With Vancouver’s vacancy rate currently at 0.6% and land values skyrocketing, landlords are using two legal methods to get around B.C.’s current 2.9 per cent annual rent increase cap.
In what’s become known as a renoviction, a property owner will give tenants two months notice that they want to use the property themselves or to renovate the suite. Sometimes landlords are saying they or their family will be using the suite, but actually rent “to strangers just to raise the rent,” Sakamoto said.
Fixed-term tenancies are another problem: tenants are being asked to sign a rental agreement for a specific period of time, including an agreement to vacate the unit after the term ends. While tenants can choose whether to accept the vacate clause, the scarcity of units mean many feel like they have no choice. When the term ends, some landlords are then telling tenants that they can sign a new agreement, but must agree to a steep rent hike — up to 30% in some cases — in order to stay in the suite.
NDP MLA David Eby has introduced a private members bill several times to deal with the renoviction issue: under the proposed bill, the tenant would have the right to return when the renovation is complete, at the same rent they were paying before. Landlords would be able to apply to B.C.’s Residential Tenancy Branch (RTB) to increase the rent based on the renovations that were done.

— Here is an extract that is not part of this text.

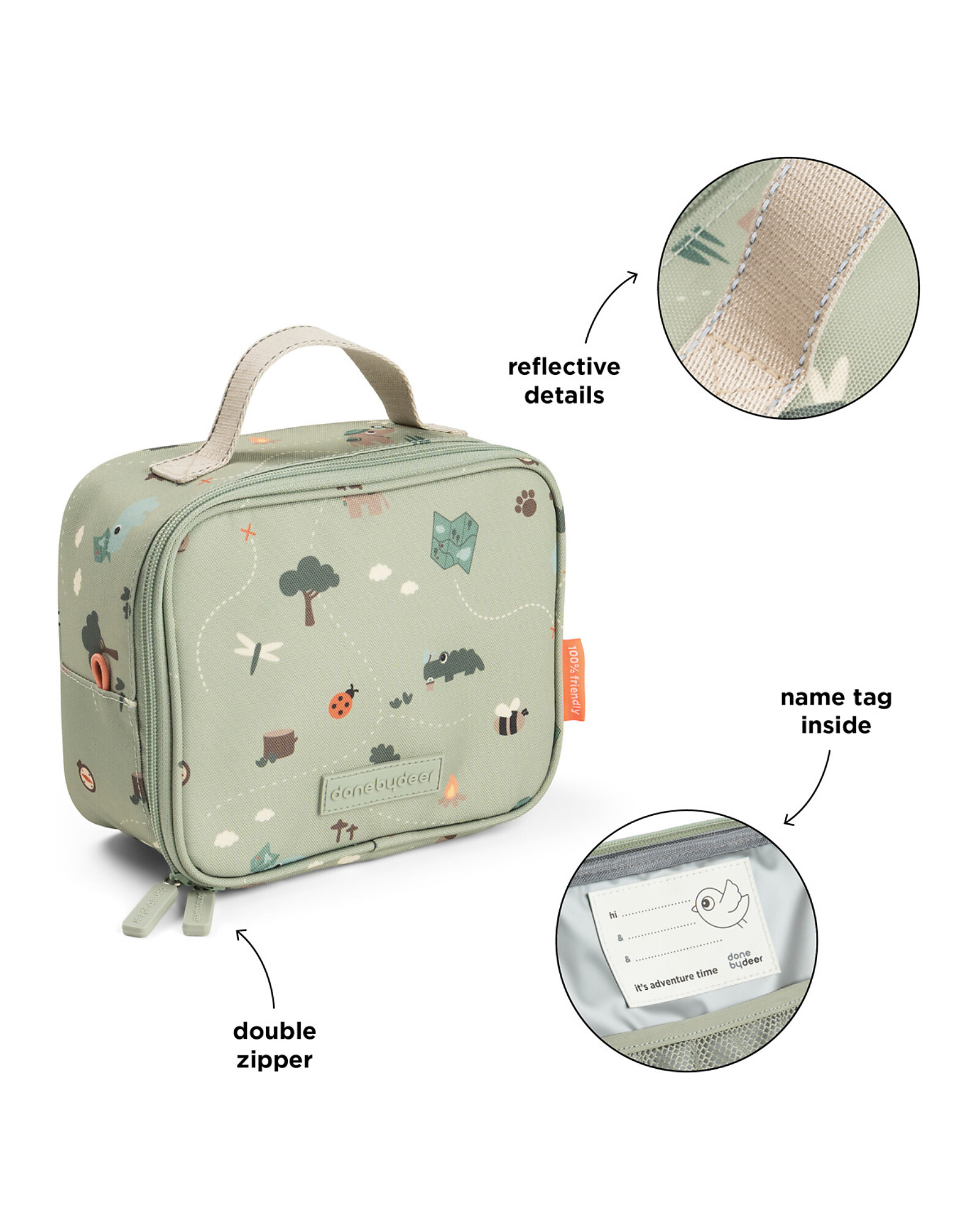 Il grande scomparto principale con tasca in rete è perfetto per inserire ghiaccioli refrigeranti o piccoli snack, mentre le due zip con apertura facilitata garantiscono accesso semplice e veloce. Il dettaglio riflettente sulla maniglia migliora la visibilità e il name tag interno permette di identificarla facilmente.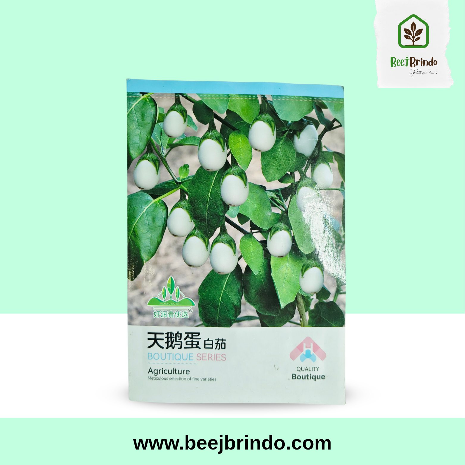 তিয়ানএগ সাদা বেগুন (Tian Egg White Brinjal) – Boutique Series একটি উন্নতমানের, ডিমাকৃতি সাদা বেগুনের জাত। ফল ছোট, গোল-ডিমের মতো এবং উজ্জ্বল দুধ-সাদা রঙের, যা গাছ ভরা অবস্থায় অত্যন্ত আকর্ষণীয় দেখায়। স্বাদে মৃদু, কম তিক্ত এবং নরম টেক্সচারের হওয়ায় বিভিন্ন ধরনের রান্নায় উপযোগী। ছাদ বাগান, হোম গার্ডেন ও বাণিজ্যিক চাষ—সবক্ষেত্রেই এটি একটি জনপ্রিয় ও নির্ভরযোগ্য জাত।

Sakamoto would like to see landlords have to apply to the RTB before issuing the two-months notice, and provide evidence that they really intend to use the property for their own use.
Sakamoto believes the fixed-term tenancy problem can be fixed by simply not allowing landlords to use the vacate clause.
Eby said he is still researching policy options for fixed-term tenancies, which can be convenient for both landlords and tenants because they provide flexibility and clarity on when a tenancy ends.
“But the reality is we’re in such a crisis in Metro Vancouver around rental housing…that it may be that ending fixed-term tenancies, period, is the only way to resolve the issue,” he said.
Landlord BC, an industry group, has cautioned its members not to abuse the current situation.
“The potential negative consequences to our industry as a result of the few who feel it is appropriate to gouge renters due to the ridiculously low vacancy rate, should not be lost on anyone in the industry,” the group recently wrote to members. “We are in the midst of an election campaign with huge pressure on the two major parties to address the housing challenges both buyers and renters are facing.”
In a statement emailed to Metro, communications staff for natural gas and housing minister Rich Coleman indicated that current rules contain adequate protections for renters. Government is not planning to change the regulations around evicting tenants to renovate a suite.